GIVEN DATA.
⁂

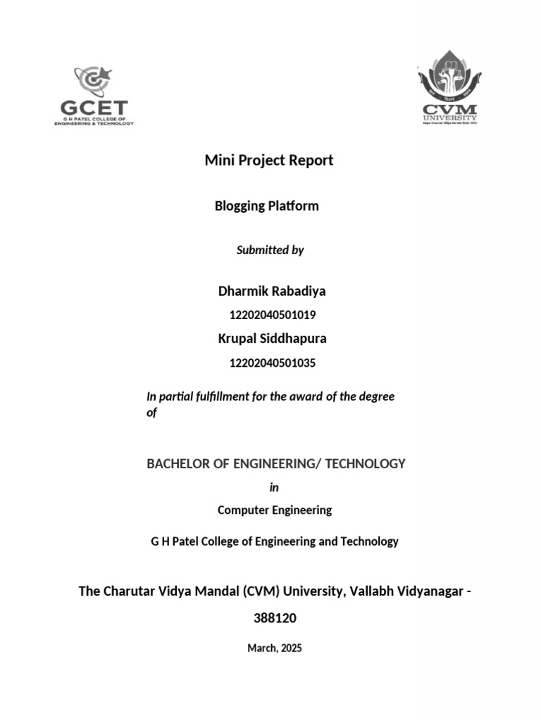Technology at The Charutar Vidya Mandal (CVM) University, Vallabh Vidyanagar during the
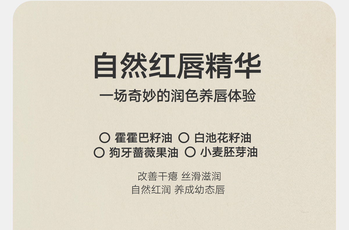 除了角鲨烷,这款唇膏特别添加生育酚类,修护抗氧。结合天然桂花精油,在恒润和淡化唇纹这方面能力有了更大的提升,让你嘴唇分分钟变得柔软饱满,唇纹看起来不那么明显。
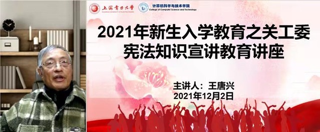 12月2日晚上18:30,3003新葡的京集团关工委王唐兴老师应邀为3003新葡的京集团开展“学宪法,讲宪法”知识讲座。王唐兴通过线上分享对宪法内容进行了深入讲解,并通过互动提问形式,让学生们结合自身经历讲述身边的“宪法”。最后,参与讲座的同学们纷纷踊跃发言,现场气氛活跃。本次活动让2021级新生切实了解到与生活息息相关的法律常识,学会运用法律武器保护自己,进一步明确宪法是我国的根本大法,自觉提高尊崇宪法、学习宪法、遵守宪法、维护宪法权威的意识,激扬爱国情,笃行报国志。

⁂

TASK TO COMPLETE. Please return the whole listing exactly. Do not copy its images.

RESULT OF THIS EXERCISE.
Technology at The Charutar Vidya Mandal (CVM) University, Vallabh Vidyanagar during the
 除了角鲨烷,这款唇膏特别添加生育酚类,修护抗氧。结合天然桂花精油,在恒润和淡化唇纹这方面能力有了更大的提升,让你嘴唇分分钟变得柔软饱满,唇纹看起来不那么明显。
 12月2日晚上18:30,3003新葡的京集团关工委王唐兴老师应邀为3003新葡的京集团开展“学宪法,讲宪法”知识讲座。王唐兴通过线上分享对宪法内容进行了深入讲解,并通过互动提问形式,让学生们结合自身经历讲述身边的“宪法”。最后,参与讲座的同学们纷纷踊跃发言,现场气氛活跃。本次活动让2021级新生切实了解到与生活息息相关的法律常识,学会运用法律武器保护自己,进一步明确宪法是我国的根本大法,自觉提高尊崇宪法、学习宪法、遵守宪法、维护宪法权威的意识,激扬爱国情,笃行报国志。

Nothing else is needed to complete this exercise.